The most successful instrument of our campaign was the launching of Il Panteco (Echo of Pantelleria), the first newspaper this island had ever had, compiled almost exclusively by locals, and devoured by everyone for the following 20 years, without distinction between locals and tourists.
Another project was a photomural exhibition to illustrate the diagnosis of the process and the possible therapies.
The Bible of the ‘Filopanti’ was a small essay written by Gabriella by the title of “Abitare un Dammuso” (“Inhabiting a Dammuso”), a detailed architectural handbook on how to restore and convert these prehistoric constructions into residences, without compromising their cultural identity.

But actions speak louder than words, and Gabriella’s first renovation projects became the reference models to follow. The brilliance of these projects was in her minimal modifications to the existing stone envelope, the framing of the internal alcoves by simply raising their floors, the polished cement finish (a first for the time), the spatial enhancement of the interior domed spaces, the almost invisible window frames, and the graceful openings through the exterior stone walls to maximize sunlight penetration.
The buildings’ restoration works were complemented by the creation of external patio gardens screened by stone walls and covered with traditional straw mats. These patios extended the livable space of these buildings and allowed their residents to live outdoor in complete privacy and protected from the sun and the winds.

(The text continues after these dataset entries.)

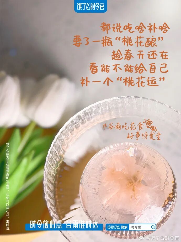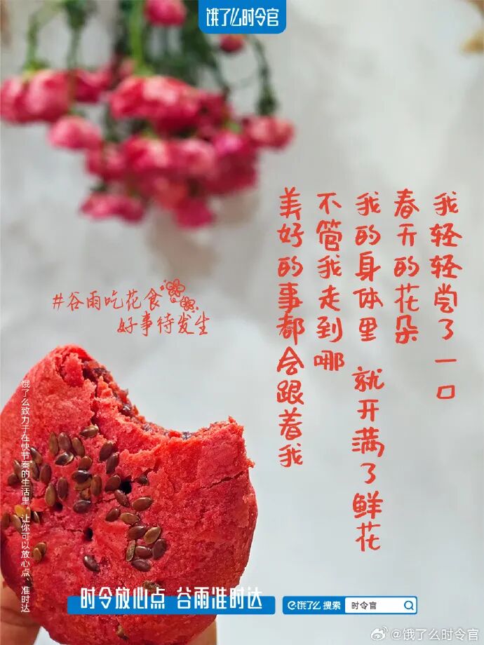 “为了留住春天,我们把它吃进肚子里。”饿了么谷雨文案,聚焦吃花食这一民间时令习俗,传达好事发生的美好寓意,趣味诠释春日浪漫。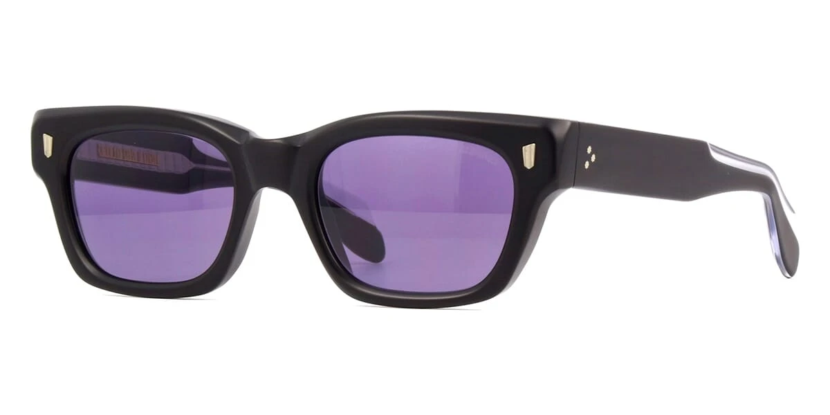 This square Cutler and Gross sunglass comes in a matte black frame with violet lenses.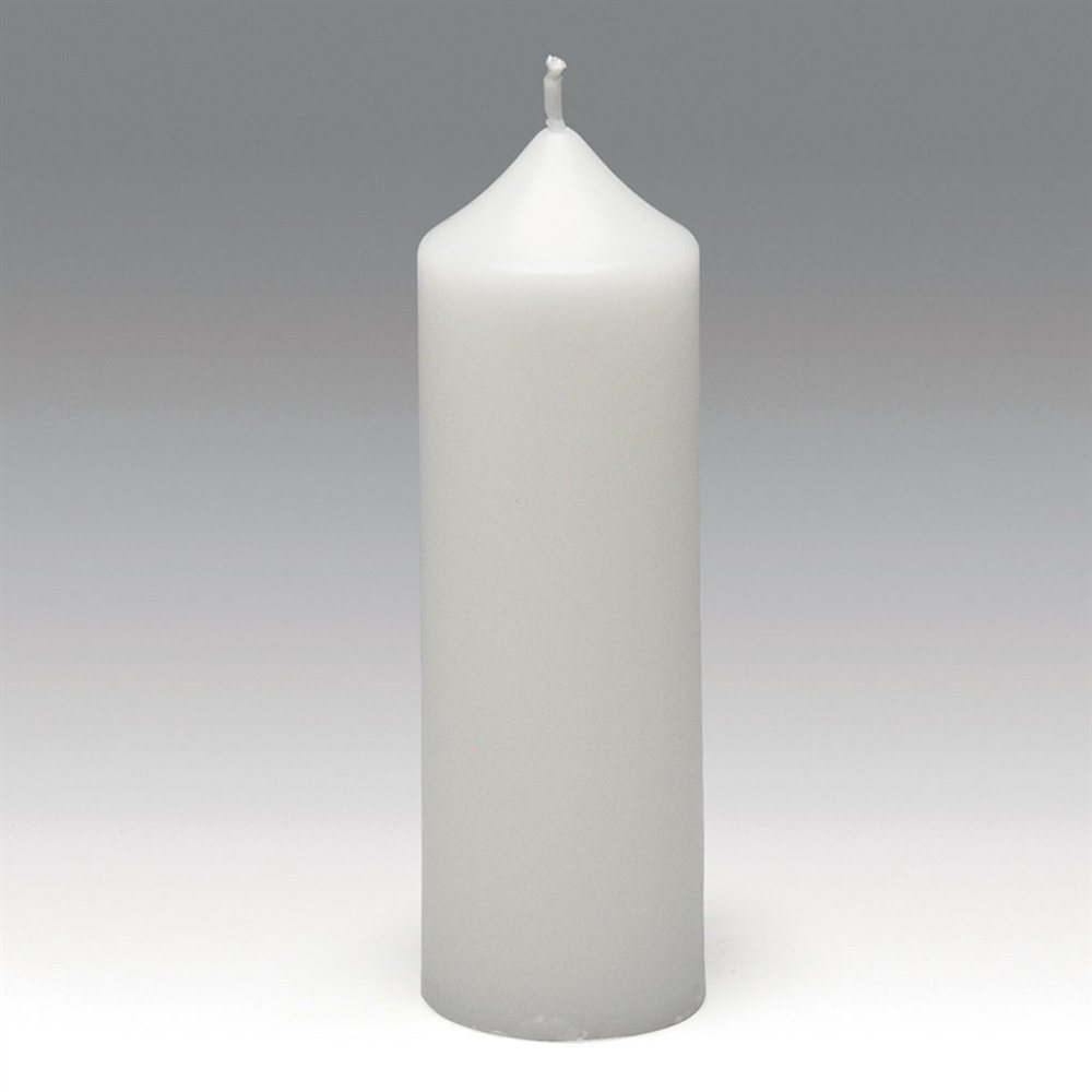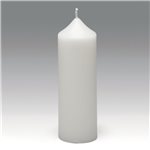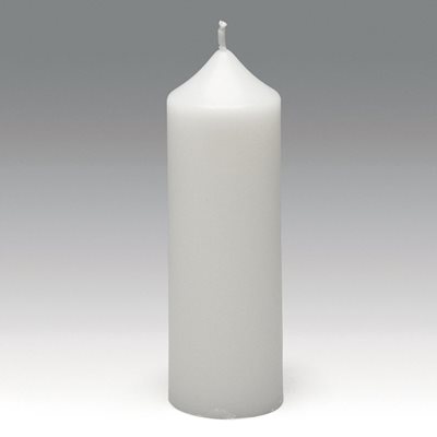 Weiss, handgegossen aus hochwertigem Paraffin/Stearin-Wachs (80/20).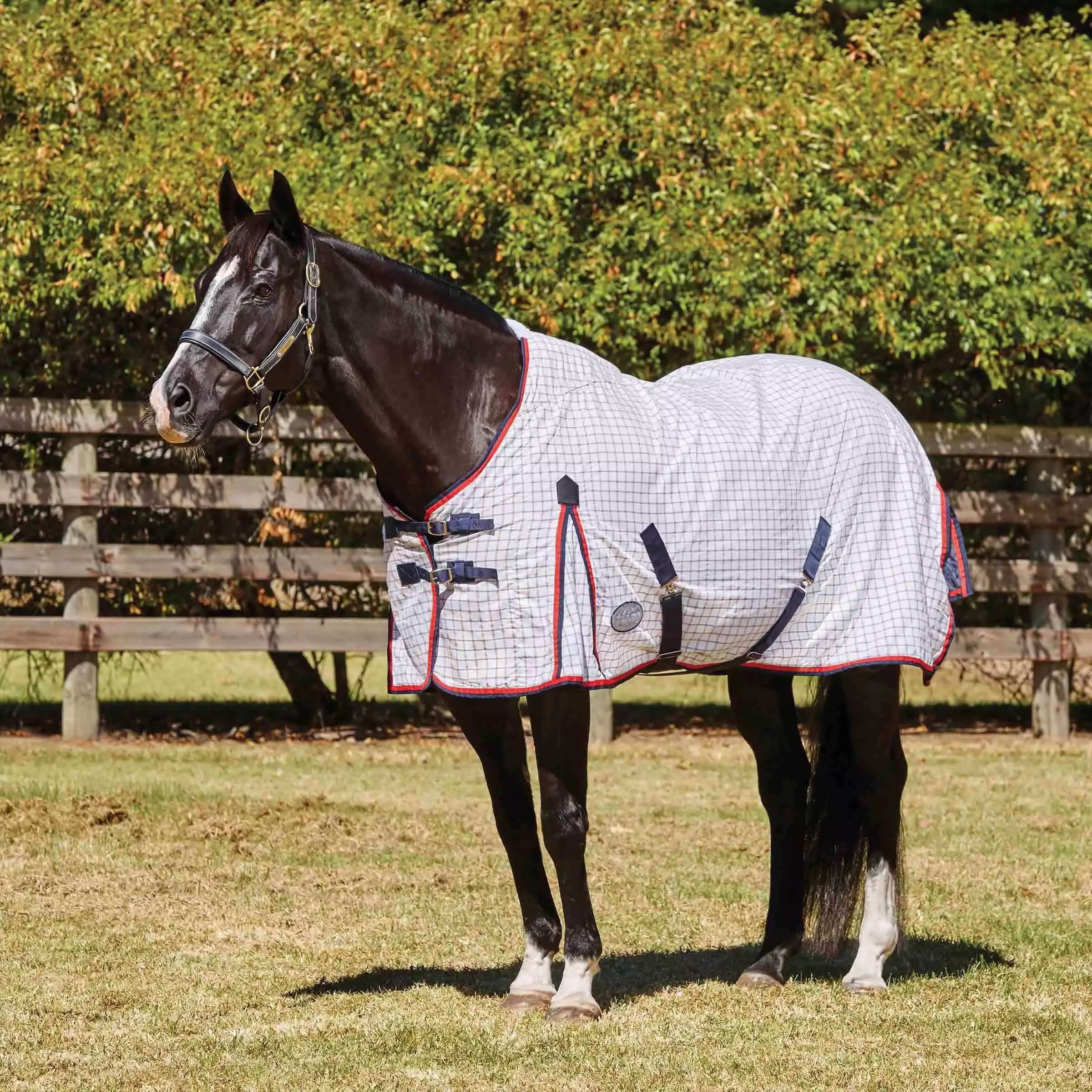 The is a breathable and cool 190g polycotton summer sheet in a standard neck style offering premium protection for the warmer months. Featuring wither relief pad for additional comfort and lined shoulders, mane and tail flap to prevent rubbing. Traditional side gusset for natural movement full wrap tail flap, twin buckle chest strap, twin low cross surcingles and adjustable removable leg straps. UV Block 95%+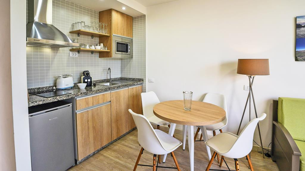 keuken met magnetron, inductiekookplaat (2 zones), koelkast, broodrooster, Nespresso apparaat, waterkoker en eethoek
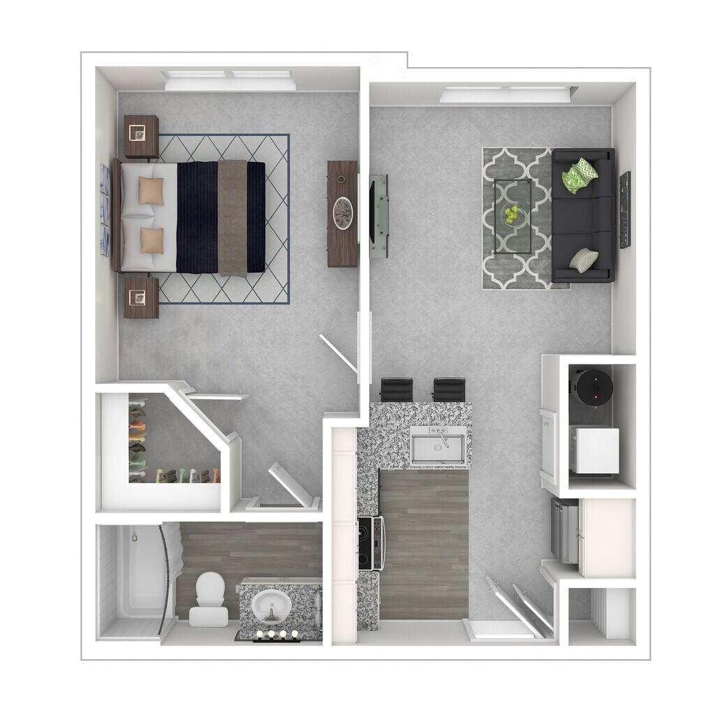 1 Bed, 1 Bath, 593 sq ftModel Gallery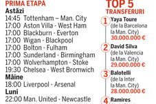 Noul sezon din Premier League, care începe azi, se anunță a fi unul dintre cele mai disputate din istorie. Dacă echipele din „Big Four" nu au făcut cine știe ce transferuri, în schimb Manchester City a cheltuit 120 de milioane de euro în această vară și atacă, având șanse reale, titlul de campioană. Șeicii de la Manchester City și-au făcut de cap și în această vară! Kolarov, Yaya Toure, David Silva, Boateng și Balotelli i-au fost puși la dispoziție antrenorului Mancini, care nu mai are voie acum să mai rateze calificarea în Liga Campionilor în sezonul viitor. Spre deosebire de City, criza pare că i-a afectat pe cei patru „granzi" din Premier League. Campioana Chelsea l-a adus pe Benayoun, de la rivala Liverpool, dar l-a pierdut în dauna „cormoranilor" pe Joe Cole. „Chicarito" Hernandez e marele pariu al lui Sir Alex Ferguson, iar pentru Arsenal, pe lângă sosirea lui Chamakh, marele câștig e păstrarea lui Fabregas. 29 de milioane de euro pe sezon pentru Ibrahimovic! Deși astăzi se joacă prima etapă, „cetățenii" dau semne că nu vor să se oprească și sunt aproape de aducerea lui James Milner, de la Villa, dar și de o megalovitură, Zlatan Ibrahimovic. Șeicii lui City i-au făcut o ofertă năucitoare atacantului Barcelonei: 116 milioane de euro pentru următorii patru ani, salariul care l-ar transforma pe suedez în cel mai bine plătit jucător din lume. Tamaș debutează pe terenul lui Chelsea După ce a impresionat în cele patru luni petrecute la West Bromwich, în liga secundă, Gab

While reminding me of the works of Frank Lloyd Wright in Arizona, Luis Barragan in Mexico and Roberto Burle Marx in Brazil, Gabriella’s projects were authentically local in both form and spirit.
This architectural language caught the island by storm, and while the number of Gabriella’s clients kept rising, her functional and aesthetic solutions were freely copied by most of the island’s builders.

But, far from invoking a copyright, Gabriella was blessing her imitators because, by doing so, they were limiting the visual damages.
Thanks to Gabriella some sacrilegious interventions, such as whitewashing the stones, or introducing folkloric moldings or horns to the roofs of the dammusi became blasphemous. And it is thanks to her that many electrical poles in panoramic zones were removed, with the electrical cables placed underground. Moreover, thanks to Gabriella, many abandoned fields surrounding the converted stone shelters were turned into splendid gardens. As a result, today Pantelleria has become a green island.